DMM is proposed in this paper. Originally, in the RRAMbased DNN, one RRAM cell is used to store one weight. In our proposed DMM, one weight value is represented by the difference of values from two RRAM cells in order to create HRS as much as possible.

Since the SA1 dominates SAFs and causes most of the accuracy drop [8], after the DMM, the enormous number of SA1 overlap with HRS in RRAM arrays, which makes the system greatly immune to the SAF. The following sections will provide detailed information for the DMM.

In the traditional mapping method, when a certain weight from the algorithm level is mapped onto a RRAM cell, the weight value is mapped as a conductance or a resistance. So, the weights ranging from [-1, 1] are mapped according to its resistive state [LRS, HRS].

But in the DMM, one weight is split into a positive and a negative portion and mapped onto two different RRAM cells. Then the recombination of two memristor cells gives the value of the original weight. As a result, the DMM creates a weight ranging from [0, 1] and is mapped on the RRAM cell according to the same resistive state [LRS, HRS].

As the SA1 is 5.2 times as compared with SA0 [8] in RRAM arrays, the emphasis of achieving a hardware that creates an immunity against SA1 is more important. The original value of the algorithmic weight W within the range [-1, 1] will be represented by the DMM as follows:

$$\mathbf{W}_{a} = \begin{cases} 1 & W \ge 0, \\ 1 - |W| & W < 0, \end{cases} \quad (1) \quad \mathbf{W}_{b} = \begin{cases} 1 - W & W > 0, \\ 1 & W \le 0, \end{cases} \quad (2)$$

where  $W_a$  and  $W_b$  are the two parts of a single weight that will be stored in two different RRAM cells. And during the computation, the original weight will be extracted from two RRAM cells through a subtraction  $(W_a - W_b)$ .

Fig. 1 represents the hardware implementation of the proposed DMM. Here the weights  $W_a$ ,  $W_b$  will be mapped on two RRAM cells according to the cells resistive level  $R_a$ ,

 $R_b$  respectively. Then an Op-Amp-based subtractor is used to subtract the weights during the reading operation [15], [16], as shown in Fig. 1.

Following this method, at least one of the two RRAM cells will store "1" (HRS) during mapping. Furthermore, a weight with 0 value will make two RRAM cells to separately store "1". So, the creation of more "1s" on the RRAM array will generate more overlaps between such HRS and SA1.
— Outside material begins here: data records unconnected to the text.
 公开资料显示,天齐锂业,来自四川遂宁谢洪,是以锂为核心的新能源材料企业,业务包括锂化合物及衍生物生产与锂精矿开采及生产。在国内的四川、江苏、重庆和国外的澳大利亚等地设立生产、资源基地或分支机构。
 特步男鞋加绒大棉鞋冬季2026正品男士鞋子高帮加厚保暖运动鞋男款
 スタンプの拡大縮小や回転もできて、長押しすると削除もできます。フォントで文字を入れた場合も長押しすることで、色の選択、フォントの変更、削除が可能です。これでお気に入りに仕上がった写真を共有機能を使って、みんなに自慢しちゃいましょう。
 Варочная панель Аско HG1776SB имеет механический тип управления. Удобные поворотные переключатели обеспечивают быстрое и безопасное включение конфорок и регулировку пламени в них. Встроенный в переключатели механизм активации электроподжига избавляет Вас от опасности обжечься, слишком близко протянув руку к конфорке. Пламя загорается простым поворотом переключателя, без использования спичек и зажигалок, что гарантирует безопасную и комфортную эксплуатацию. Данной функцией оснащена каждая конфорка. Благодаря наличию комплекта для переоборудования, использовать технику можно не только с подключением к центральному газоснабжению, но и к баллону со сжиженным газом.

Fig. 3: Differential Mapping Method

For example, as shown in Fig. 3, a weight of 0.3 in the original array will be mapped as 1 and 0.7 in two new RRAM cells and the difference of the two RRAM values will be used as one weight while computing in a DNN. Actually, there are no "1" in the original RRAM array, but in two new arrays, eleven "1s" are generated and "1" is 11/18 of new RRAM arrays. Accordingly, the deviation between the desired weight value and practical weight value will greatly decrease when SAFs occur, preventing the inference accuracy drop.
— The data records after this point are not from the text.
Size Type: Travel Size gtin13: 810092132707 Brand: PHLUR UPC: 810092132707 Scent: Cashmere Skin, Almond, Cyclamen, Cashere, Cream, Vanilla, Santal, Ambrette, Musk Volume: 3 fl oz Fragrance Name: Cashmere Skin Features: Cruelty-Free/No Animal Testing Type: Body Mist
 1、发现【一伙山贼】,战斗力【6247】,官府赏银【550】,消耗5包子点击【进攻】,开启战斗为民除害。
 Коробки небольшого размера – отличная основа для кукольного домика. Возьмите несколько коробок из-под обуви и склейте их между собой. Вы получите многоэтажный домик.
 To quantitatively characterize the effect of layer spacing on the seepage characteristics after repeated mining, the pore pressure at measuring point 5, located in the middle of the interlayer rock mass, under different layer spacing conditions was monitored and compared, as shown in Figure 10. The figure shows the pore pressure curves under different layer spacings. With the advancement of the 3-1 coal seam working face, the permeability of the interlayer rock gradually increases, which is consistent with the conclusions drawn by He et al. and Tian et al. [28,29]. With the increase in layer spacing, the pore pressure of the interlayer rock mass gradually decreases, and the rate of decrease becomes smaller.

### **III. RESULT AND DISCUSSION**

DNN+NeuroSIM platform is used to verify our proposed method [17]. DNN+NeuroSIM is an integrated framework, which is developed to emulate DNN on RRAM based hardware accelerator. DNN+NeuroSim framework can support hierarchical organization from the device level (RRAM) to the circuit level (periphery circuits), to chip level (tiles of processing-elements built up by multiple sub-arrays, and global interconnect and buffer) and then to the algorithm level (DNN), enabling the accurate evaluation on the inference or training stage and the circuit-level performance metrics such as the power and latency. Along with DNN+NeuroSIM, the VGG8 model with CIFAR10 dataset as well as RRAM cells and periphery circuits with 40 nm technology are used to evaluate our proposed DMM regarding the inference accuracy, power and latency.
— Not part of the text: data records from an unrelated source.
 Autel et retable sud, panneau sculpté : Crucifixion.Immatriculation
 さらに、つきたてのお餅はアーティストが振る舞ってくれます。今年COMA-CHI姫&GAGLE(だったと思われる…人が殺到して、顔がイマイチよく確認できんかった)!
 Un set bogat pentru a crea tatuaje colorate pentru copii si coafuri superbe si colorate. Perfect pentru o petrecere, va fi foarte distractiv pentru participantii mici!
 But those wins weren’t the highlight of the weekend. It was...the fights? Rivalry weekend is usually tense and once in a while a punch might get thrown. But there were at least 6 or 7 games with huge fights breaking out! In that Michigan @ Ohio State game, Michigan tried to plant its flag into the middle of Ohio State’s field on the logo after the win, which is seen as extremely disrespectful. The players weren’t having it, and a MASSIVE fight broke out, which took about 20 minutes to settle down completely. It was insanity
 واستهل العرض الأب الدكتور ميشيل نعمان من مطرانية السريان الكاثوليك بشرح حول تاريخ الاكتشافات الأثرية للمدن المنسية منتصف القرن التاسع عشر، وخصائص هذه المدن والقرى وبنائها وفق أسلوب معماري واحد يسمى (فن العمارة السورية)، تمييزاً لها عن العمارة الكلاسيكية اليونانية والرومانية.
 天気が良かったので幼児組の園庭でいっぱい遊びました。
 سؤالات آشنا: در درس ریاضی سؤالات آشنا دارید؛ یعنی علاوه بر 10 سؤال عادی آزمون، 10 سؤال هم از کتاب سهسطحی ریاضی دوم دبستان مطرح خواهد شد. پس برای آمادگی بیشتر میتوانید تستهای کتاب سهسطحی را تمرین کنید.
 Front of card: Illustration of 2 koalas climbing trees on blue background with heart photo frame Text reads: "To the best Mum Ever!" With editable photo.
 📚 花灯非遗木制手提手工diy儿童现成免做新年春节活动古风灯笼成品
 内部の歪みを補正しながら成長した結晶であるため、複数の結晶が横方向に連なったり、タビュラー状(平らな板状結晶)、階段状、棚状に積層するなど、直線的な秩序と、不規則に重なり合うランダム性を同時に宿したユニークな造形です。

### A. SAFs in RRAM Arrays

At the beginning, the original weights are mapped to RRAM arrays and SAFs (SA1 and SA0) are introduced to explore the effect on the DNN. The original inference accuracy achieved by an ideal RRAM-based DNN without SAFs is 90%. As the SAF occurs in RRAM arrays, the accuracy degrades rapidly. As listed in Table II, the accuracy degradation happens as small as 0.2% SAFs. From 2.5% SAFs, the DNN model is completely damaged and achieves only 10% inference accuracy which is merely equivalent to a random guessing.



TABLE II: Accuracy Degradation and Restoration with Different SAF Conditions

Accuracy

SAF

# Number of WeightS Fig. 4: Weights Distributions with the DMM

### B. DMM Used in RRAM Arrays with SAFs

Our proposed DMM is used to restore the inference accuracy in RRAM-based DNNs. As listed in Table II, all inference accuracies in different SAF conditions are restored significantly. When SAFs from 0.2% to 7.5%, the RRAMbased DNN regains the original inference accuracy (90%), and even when SAFs is 50% in the extreme condition, the DMM is still highly efficient to recover the inference accuracy to 80%, as shown in Table II.

In the VGG8 model as shown in Fig. 4, after the DMM is applied, two RRAM arrays (each one includes 12.97 million elements) are employed for its original weights. In one array, the number of "1" is 7.35 million as 56.67% of all elements. The other array contains 9.65 million of "1" which is 74.40% of all elements. As shown in Fig. 4, totally, more than 18 million "1" are created. If 0.1%-7.5% SAFs exists in the RRAM-based DNN, most of SA1 will overlap with "1" in two new RRAM arrays. What is more, even in new RRAM arrays in the DMM, more than 7 million of weights (25.6%) less than 1 but greater than or equal 0.9 (sub-1) are mapped, it means even if some SA1s do not overlap with "1" cell, they will be mapped to such sub-1 cells, the difference between SAF1 and sub-1 cell is really small and cannot damage the DNN model. This is why the DMM provides the great immunity to SAFs. Only when SAFs is over 50%, more SAFs cannot overlap with "1" cell, so the accuracy can only be restored to 80%. Also, as discussed in Section II-A, only 14.56% of SAFs in RRAM arrays is SA0, so the inference of SA0 is neglectable. Therefore, in general, the efficiency of the DMM is remarkable as compared to the conventional mapping method.

### C. Power and Latency Analysis

In this study, the DMM is applied in offline learning scenario, accordingly the energy consumed by the RRAM cell is for reading procedure. So, in RRAM-based DNNs, the energy consumption of each RRAM cell is calculated using the following equation [17],

$$\mathbf{E}_{cell} = RI_r^2 N T_{PULSE} \tag{3}$$

where  $R, I_r, N$ , and  $T_{PULSE}$  are respectively the resistance of a RRAM cell, the reading current, and number of applied reading pulses, and pulse width. Total energy consumption for a synaptic core is calculated using the sum of the energy for all RRAM cells [18].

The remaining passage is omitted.